#### [Task statement]
Would you return the listing that follows exactly, leaving its pictures behind?

#### [Supplied data]
═══
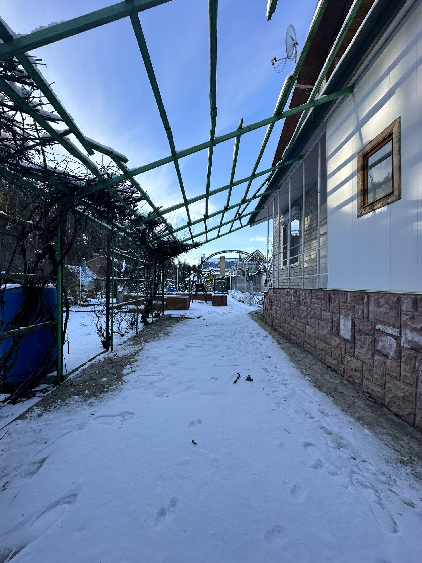 Участок правильно формы 6 соток. На территории участка можно припарковать два автомобиля. Имеется зона барбекю. Русская баня, кирпичный домик 30 метров из двух комнат.
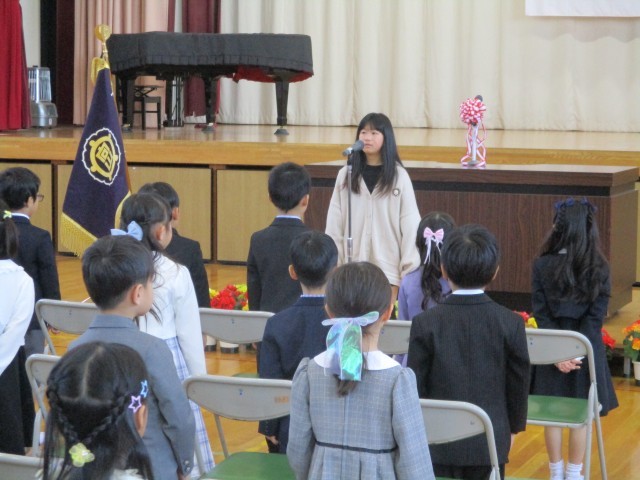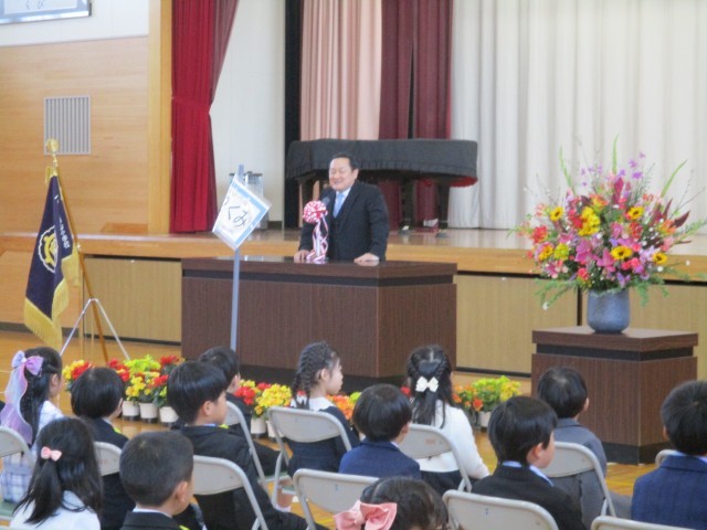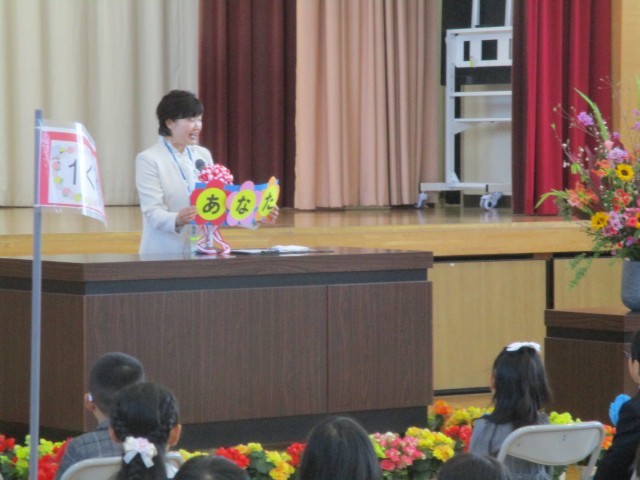キラキラ輝く99名の1年生の皆さんが、向山小学校に入学しました。PTA会長様、児童代表の6年生の人からのお祝いの言葉を、みんなしっかり聞くことができて、とても立派でした。みんな、向山小学校にとって大切な「あなた」です。「ありがとう」の言葉をたくさん言い「なかよく」「たのしんで」小学校生活をすごしてくださいね。
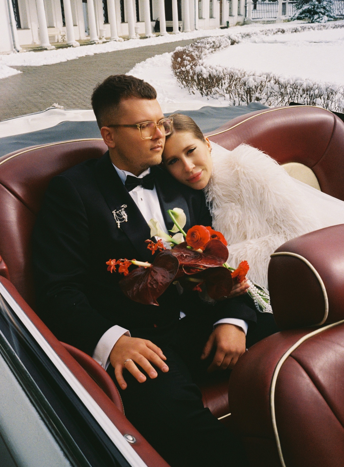 Образ для Паши я продумала уже после того, как нашла своё платье. Он был в классическом чёрном смокинге, с акцентной деталью — брошью с жемчугом на лацкане пиджака. Всё выглядело гармонично и стильно, как будто образы были созданы друг для друга.
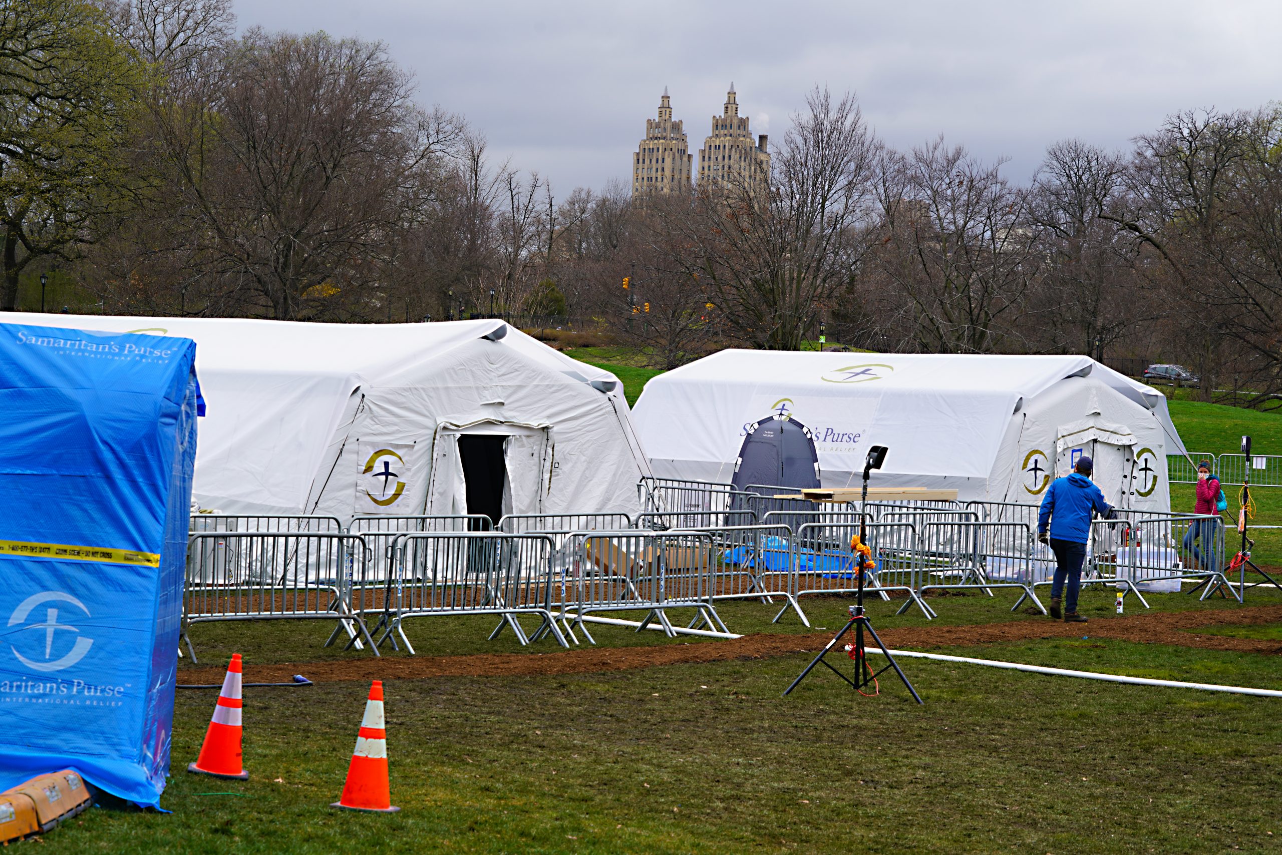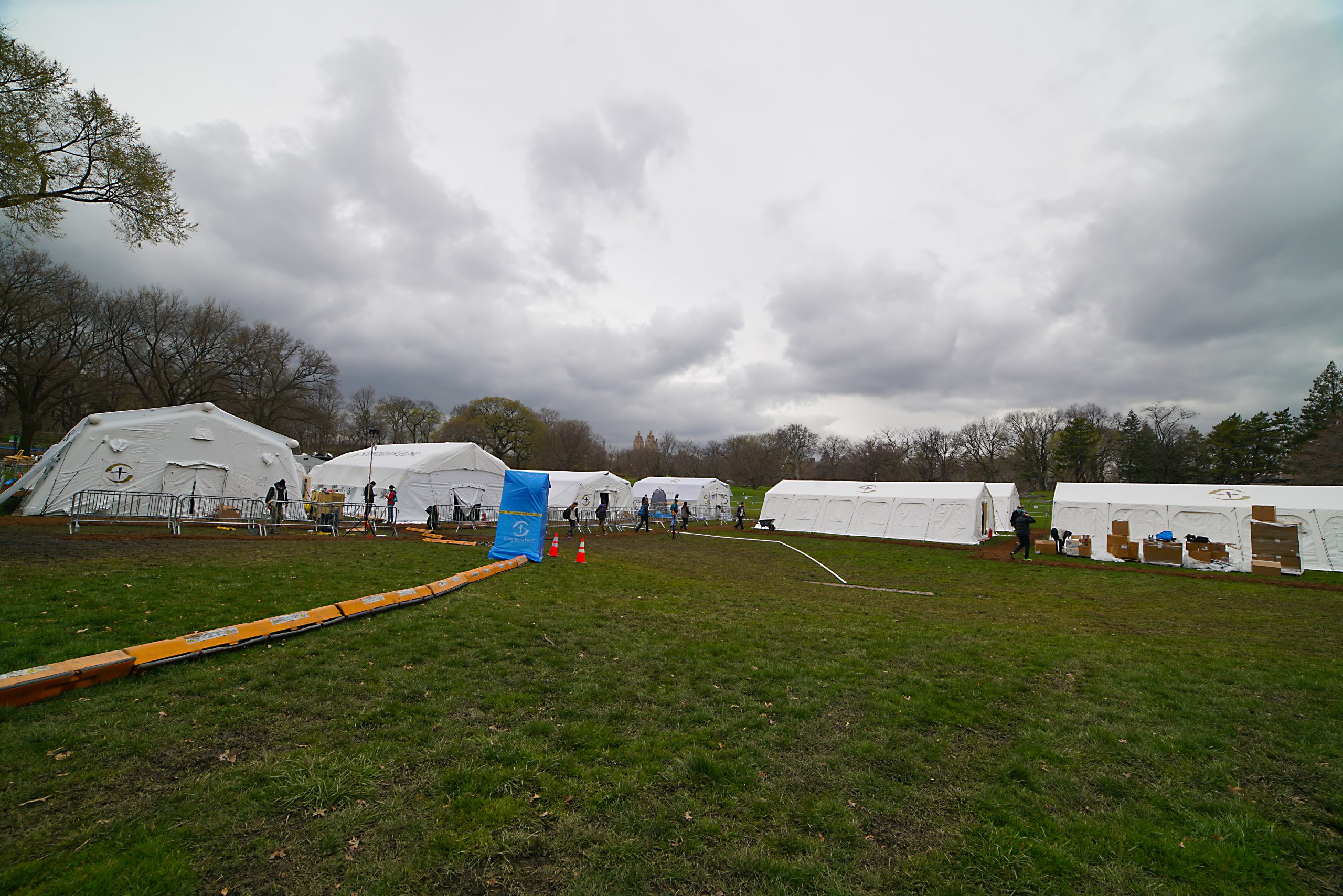 The field emergency hospital is comprised of 14 tents that contain 68 beds, ten of which are intensive care beds. The intensive care unit has 10 ventilators. The hospital will be staffed by doctors, nurses, lab technicians, and other medical personnel from the Mount Sinai system and 86 disaster relief specialists from the humanitarian relief organization Samaritan’s Purse.
═══
#### [Output of the task]
 Участок правильно формы 6 соток. На территории участка можно припарковать два автомобиля. Имеется зона барбекю. Русская баня, кирпичный домик 30 метров из двух комнат.
キラキラ輝く99名の1年生の皆さんが、向山小学校に入学しました。PTA会長様、児童代表の6年生の人からのお祝いの言葉を、みんなしっかり聞くことができて、とても立派でした。みんな、向山小学校にとって大切な「あなた」です。「ありがとう」の言葉をたくさん言い「なかよく」「たのしんで」小学校生活をすごしてくださいね。
 Образ для Паши я продумала уже после того, как нашла своё платье. Он был в классическом чёрном смокинге, с акцентной деталью — брошью с жемчугом на лацкане пиджака. Всё выглядело гармонично и стильно, как будто образы были созданы друг для друга.
 The field emergency hospital is comprised of 14 tents that contain 68 beds, ten of which are intensive care beds. The intensive care unit has 10 ventilators. The hospital will be staffed by doctors, nurses, lab technicians, and other medical personnel from the Mount Sinai system and 86 disaster relief specialists from the humanitarian relief organization Samaritan’s Purse.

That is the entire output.